A few years ago, Robin Simon wasn’t sure she’d ever work again. She dreamt of doing advocacy work for people with mental illness, but thought her own psychiatric history would keep her in treatment–and out of the workplace. But thanks to a “peer specialist” training program, Simon is an advocate at Club Access, a Lower East Side resource center for people with psychiatric disabilities. Simon helps her peers deal with benefits, roommates and other problems. “I’ve had experiences with side effects of meds, and I can say ‘Yeah, I’ve been there,’” she says. “Providers can’t.”

Simon got her training through a unique internship program for people with mental illnesses at the Howie the Harp Advocacy Center on Stanton Street in Manhattan. Howie–his real name was Howard Geld–was a mean harmonica player with an eighth grade education who became a patient advocate in the 1970s. With his own history of mental illness, Geld believed that people who have been through the psychiatric system make ideal advocates and social workers. Geld, who was also the director of Club Access, founded the center that bears his name shortly before his death in 1995.

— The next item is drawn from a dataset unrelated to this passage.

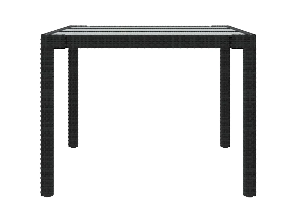 Mesa de jardín superficie de vidrio ratán PE negro 90x90x75 cm
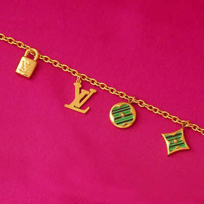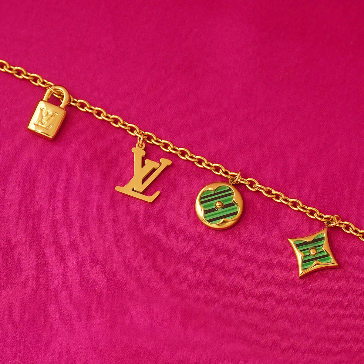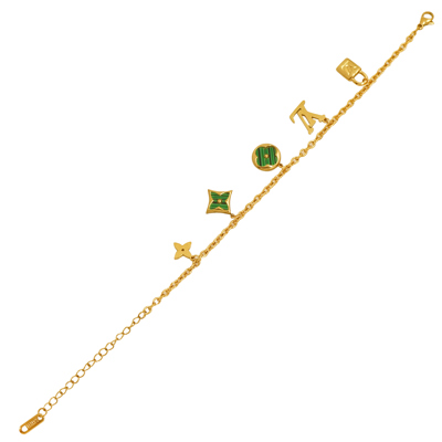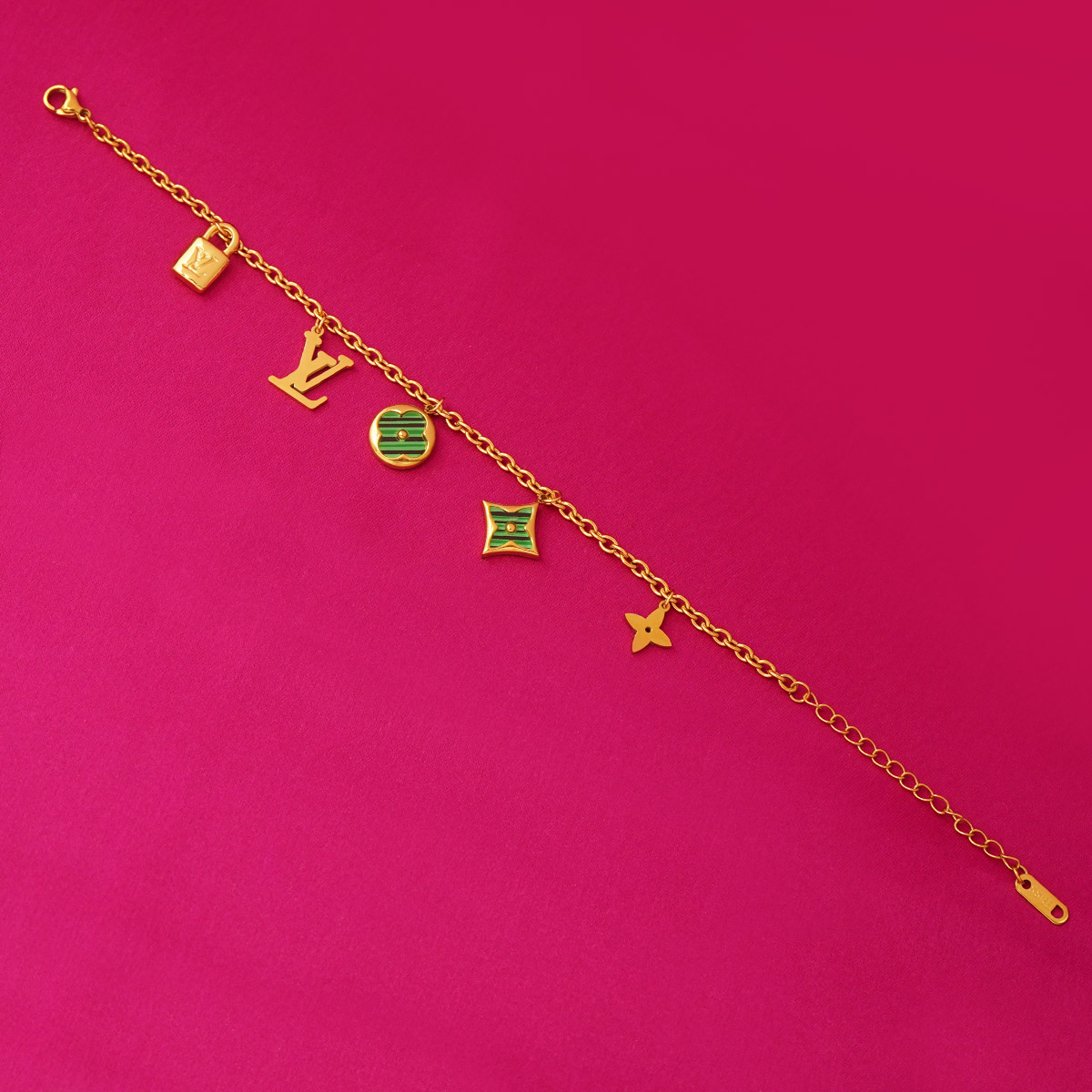Bracelet - Trendy Golden Bracelet with Green Enamel Charms

The Howie the Harp center prepares students for outreach, counseling, advocacy, and case management jobs. It offers more than 100 hours of classroom training on everything from legal entitlements and cultural sensitivity to stress management, followed by hands-on internship work. And it provides job search assistance and support groups.

Simon has begun educating hospital workers on how to treat patients more considerately. “I don’t want anyone to experience what I went through,” she says. “It was devastating.”